The crime branch has sent documents translated into English to the state government’s official translator affiliated to MU’s Department of French. However, since the total number of documents to be translated is high, six others have been roped in to translate the documents into French. “Since we had finished the translation process of 10 cases, we forwarded the same to Karnataka Police,” the officer said.
The officer added that the delay will not have any impact on the extradition proceedings, as they have already sent the initial batch of documents to Senegal soon after Pujari was detained. “These are additional documents we are sending to further strengthen the case. He is under detention in Senegal and there is no chance of him being released as the extradition request is pending,” the officer said.

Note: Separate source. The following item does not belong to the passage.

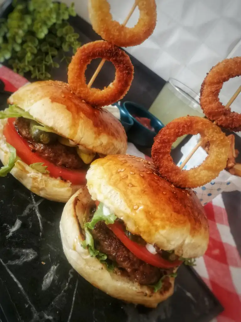Yanında patates kızartması, soğan halkası ve içecek ile servis edelim.
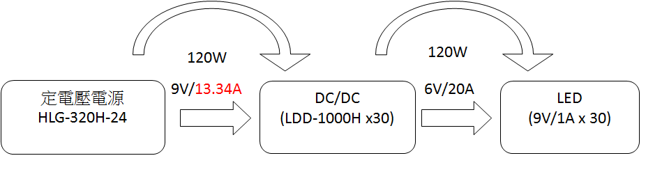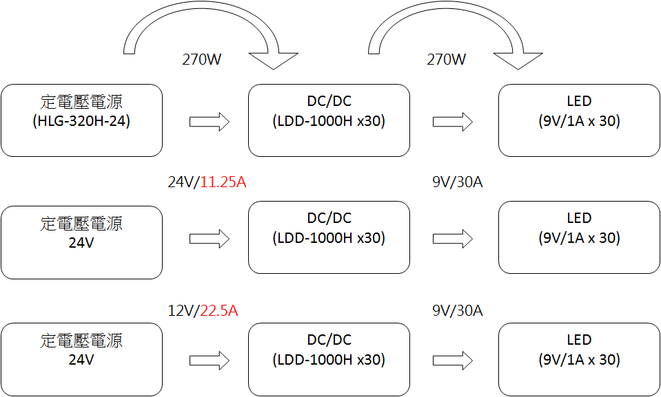 主因?yàn)殡娏鬓D(zhuǎn)換器啟動電壓低于前端電源供應(yīng)器的額定電壓,當(dāng)在低壓啟動工作下,電流轉(zhuǎn)換器需求電流高于電源可輸出電流值。以圖三為例,輸出端燈條每條上的LED電壓電流是9V/1A,30條并聯(lián)時總輸出就是270W。如果燈具或轉(zhuǎn)換器輸入電壓標(biāo)示為 24V 輸入,一般人可能會選 24V、大于300W的LED驅(qū)動器,比如說HLG-320H-24。

Apart from the extradition request, diplomatic efforts are also being made to see if he can be deported to India. As compared to extradition, deportation is a simpler and faster process.
In the past, the Mumbai Police had translated Marathi case papers related to Rajendra Nikalje alias Chhota Rajan into Bahasa, national language of Indonesia, where he was detained. Recently, the crime branch also translated case papers of former Dawood Ibrahim gang shooter Sayyad Hussain alias Munna Jhingada, detained in Thailand, into Thai.